This guide provides tips and tricks for optimizing the performance of your Lance applications.
Lance is designed to be thread-safe and performant. Lance APIs can be called concurrently unless explicitly stated otherwise. Users may create multiple tables and share tables between threads. Operations may run in parallel on the same table, but some operations may lead to conflicts. For details see :ref:`conflict_resolution`.
Most Lance operations will use multiple threads to perform work in parallel. There are two thread pools in lance: the IO thread pool and the compute thread pool. The IO thread pool is used for reading and writing data from disk. The compute thread pool is used for performing computations on data. The number of threads in each pool can be configured by the user.
The IO thread pool is used for reading and writing data from disk.

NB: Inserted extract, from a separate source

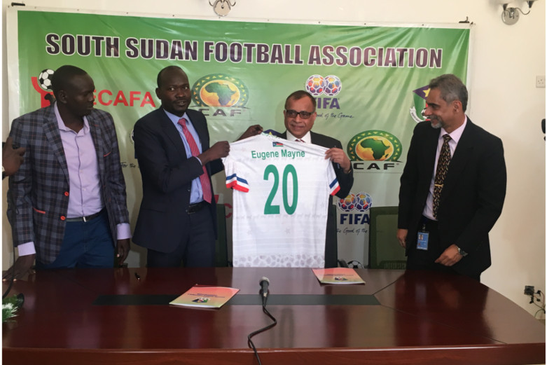 Group CEO Eugene Mayne signed an agreement with the South Sudan Football Association to sponsor foreign coach, Ait Al Hassen Abdalmalik, for the National Team. Mr. Mayne said it was Tristar’s way of continually engaging with the community of South Sudan and the youth in particular since sports is an excellent way of motivating the youth. Mr. Mayne was given his own jersey by South Sudan Football Association President Francis Amin at the signing ceremony witnessed by Tristar South Sudan Country Manager Ravneesh Aujla.
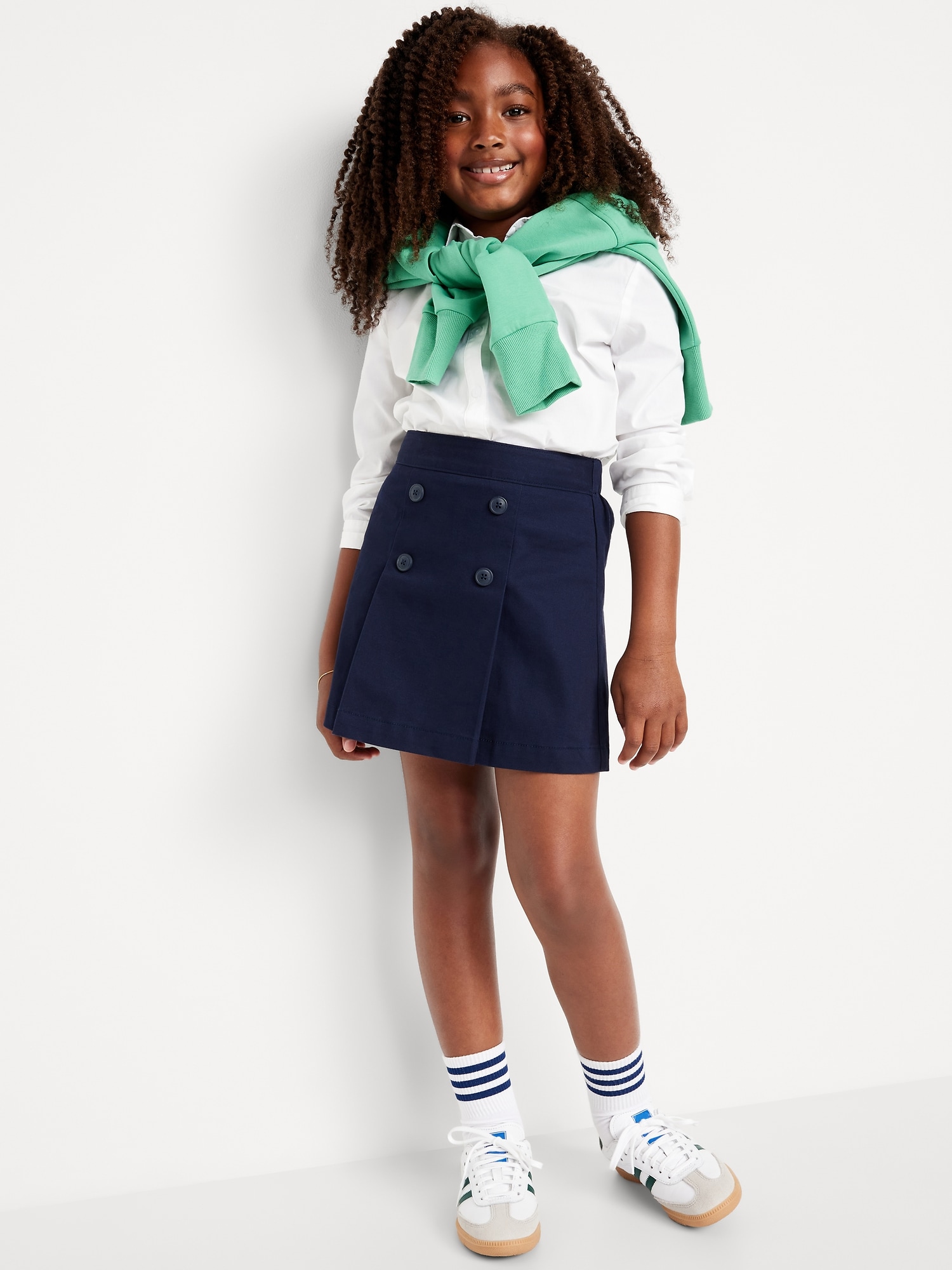 School Uniform Skort for Girls: built-in shorts, elasticized back, pleated, decorative buttons at front, easy pull-on style, #766645

The number of threads in the IO
thread pool is determined by the object store that the operation is working with. Local object stores
will use 8 threads by default. Cloud object stores will use 64 threads by default. This is a fairly
conservative default and you may need 128 or 256 threads to saturate network bandwidth on some cloud
providers. The LANCE_IO_THREADS
environment variable can be used to override the number of IO
threads. If you increase this variable you may also want to increase the io_buffer_size
.
The compute thread pool is used for performing computations on data. The number of threads in the
compute thread pool is determined by the number of cores on the machine. The number of threads in
the compute thread pool can be overridden by setting the LANCE_CPU_THREADS
environment variable.
This is commonly done when running multiple Lance processes on the same machine (e.g when working with
tools like Ray). Keep in mind that decoding data is a compute intensive operation, even if a workload
seems I/O bound (like scanning a table) it may still need quite a few compute threads to achieve peak
performance.
Lance is designed to be memory efficient. Operations should stream data from disk and not require loading the entire dataset into memory. However, there are a few components of Lance that can use a lot of memory.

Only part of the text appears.